__THE DATA__.
----

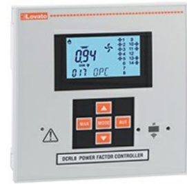
Automatic power factor controller, 8 steps, icon display DCRL8
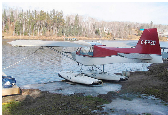
Rans S-7 Insulated Engine Cover, Wing Covers and Horizontal Stabilizer Covers
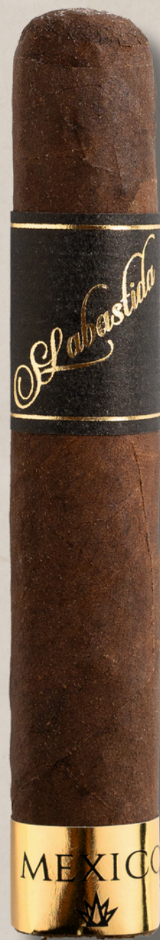
ROBUSTO BOX PRESS 5" X 50
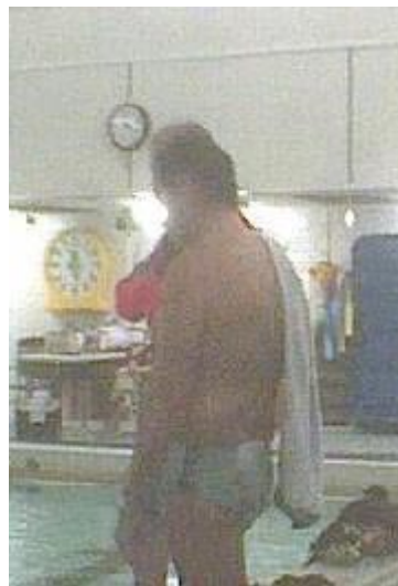
Swimsuit of the year

----

__WHAT YOU NEED TO DO__. The line containing "Rans S-7 Insulated" and each line after it through the end of the listing above are to be written out exactly, without the pictures.

__RESULT FOR THIS EXERCISE__.
Rans S-7 Insulated Engine Cover, Wing Covers and Horizontal Stabilizer Covers
ROBUSTO BOX PRESS 5" X 50
Swimsuit of the year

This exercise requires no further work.